The Pyramid of Menkaure (Mycerinus), Pyramid of Khafre (Chephren) and Great Pyramid of Giza
The Pyramid of Menkaure (Mycerinus), Pyramid of Khafre (Chephren) and Great Pyramid of Giza | © Paul Brown / Alamy Stock Photo

Researchers from St Petersburg’s ITMO University in Russia and Laser Zentrum Hannover in Germany have discovered a fascinating phenomenon regarding the design of the Great Pyramid of Giza.

A theoretical investigation published in the Journal of Applied Physics on July 20 2018 reveals the chambers within the Great Pyramid can “collect and concentrate electromagnetic energy.” Scientists looked at the “excitation of the pyramid’s electromagnetic dipole and quadrupole moments,” or the combinations of outgoing and incoming electromagnetic waves, to determine its capacity for electromagnetic focus.

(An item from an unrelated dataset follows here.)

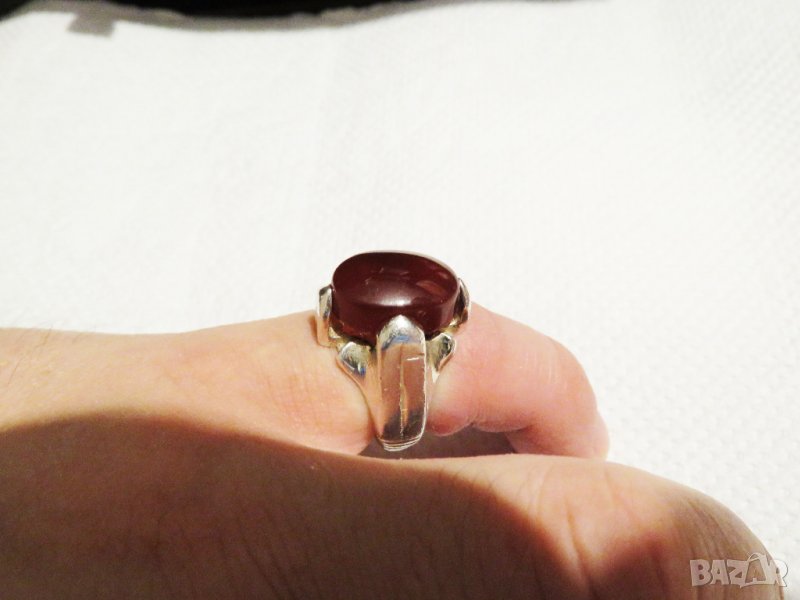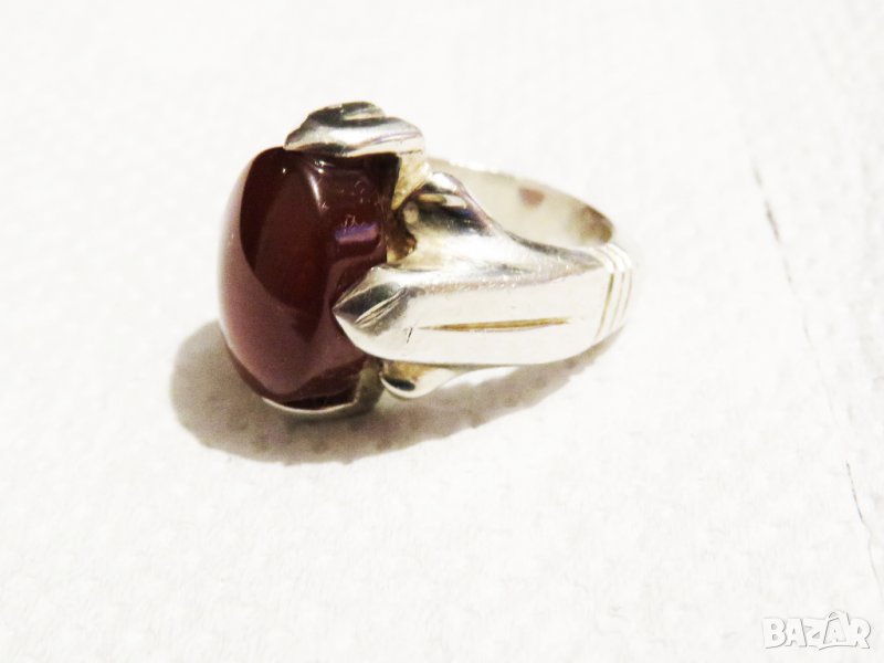 Старинен солиден красив мъжки сребърен пръстен с голям красив камък карнеол - Събуди страстта сребро

Using numerical simulations to deduce their findings, the research team found that under certain conditions, the pyramid’s internal chambers and the area under its base (where the third, unfinished chamber is located) can concentrate this energy.

Modern physics has provided unprecedented insight into the secrets of the pyramids, which were constructed around 2560 BC. For instance, cosmic ray-based imaging (also known as muon tomography) has been used to see further into the depths of these ancient structures, illuminating a previously unknown “large void” that humans haven’t encountered in several millennia.

The Sphinx and the Pyramid of Khafre (Chephren) in Giza, Egypt

Egyptian pyramids have always attracted great attention. We as scientists were interested in them as well, and so we decided to look at the Great Pyramid as a particle resonantly dissipating radio waves. Due to the lack of information about the physical properties of the pyramid, we had to make some assumptions,” said Dr Andrey Evlyukhin, one of the study’s authors.

“For example, we assumed that there are no unknown cavities inside, and the building material has the properties of an ordinary limestone and is evenly distributed in and out of the pyramid. With these assumptions, we obtained interesting results that can have important practical applications.”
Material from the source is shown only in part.